It’s not been easy being torn away from the safe haven I found at Kalkudah, it was hard to leave the place and everything since has paled into insignificance. If only I could think of Kalkudah as a future retreat into paradise, but alas it’s not to be. The developers have already started, hotels are being built along the beach at Pasakudah, other developments are now under way along the beach road at Kalkudah. It saddens me, leaving me with gladdened to have enjoyed this patch of paradise before it goes for good. Maybe if Tsunamis were more regular it wouldn’t be such an investment opportunity. (Photo: Prime Tusker - Kaudulla National Park, Polonawura, Sri Lanka)

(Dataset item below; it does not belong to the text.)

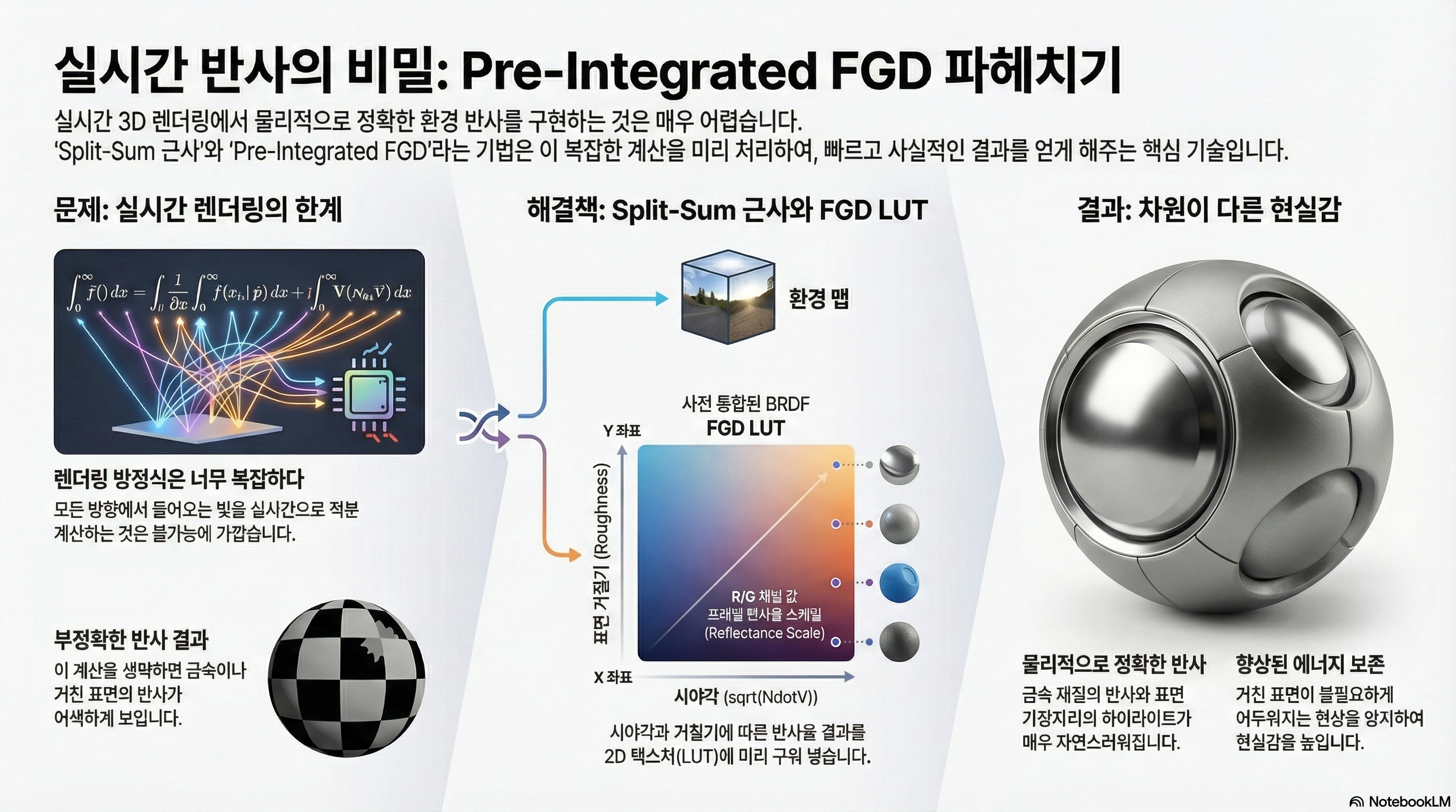 이 글은 유니티 URP 환경에서 물리 기반 렌더링(PBR)의 시각적 완성도를 높이기 위한 Pre-Integrated FGD 구현 방법을 상세히 설명합니다. 실시간 계산이 어려운 렌더링 방정식을 해결하기 위해 Split-Sum Approximation 기술을 활용하여 반사 데이터를 효율적으로 처리하는 원리를 다룹니다. 특히 FGD LUT를 활용해 프레넬 효과와 기하학적 감쇠를 미리 계산함으로써 연산 효율과 물리적 정확성을 동시에 확보하는 과정을 보여줍니다. 또한 거친 표면에서의 에너지 손실을 보완하는 Chan Diffuse 확장 모델을 소개하며 더욱 사실적인 재질 표현법을 제시합니다. 결과적으로 이 자료는 고품질 그래픽 구현을 위한 이미지 기반 라이팅(IBL)의 핵심 수학적 배경과 실무적인 셰이더 최적화 기법을 포괄하고 있습니다.

Brahminy kites and eagles again on the beach, the kites can always be seen once the coconut plantations begin. And it now appears the others have regular perches, they don’t fly much, just hang around under the canopy, overlooking the beach. As I saw last visit, if seeing a kite make a catch they pursue and thieve it off them. Shame I couldn’t get very close for a good picture, they have eyes like a hawk you know. It was one of the longest times I’ve enjoyed the beach without being intruded upon. But I have got my spot, which has proven to be where the big boys hang out. Ox powered carts aren't the norm here any longer, but there are a few left. Tractors are the usual agricultural powerhouses, but you need money for such vehicles and the poor folks don't have access to it. From a young age a prospective team of oxen will be chained together, constantly, to ensure a happy and docile union. (Photo: Large Eagle - Kalkudah beach, Sri Lanka)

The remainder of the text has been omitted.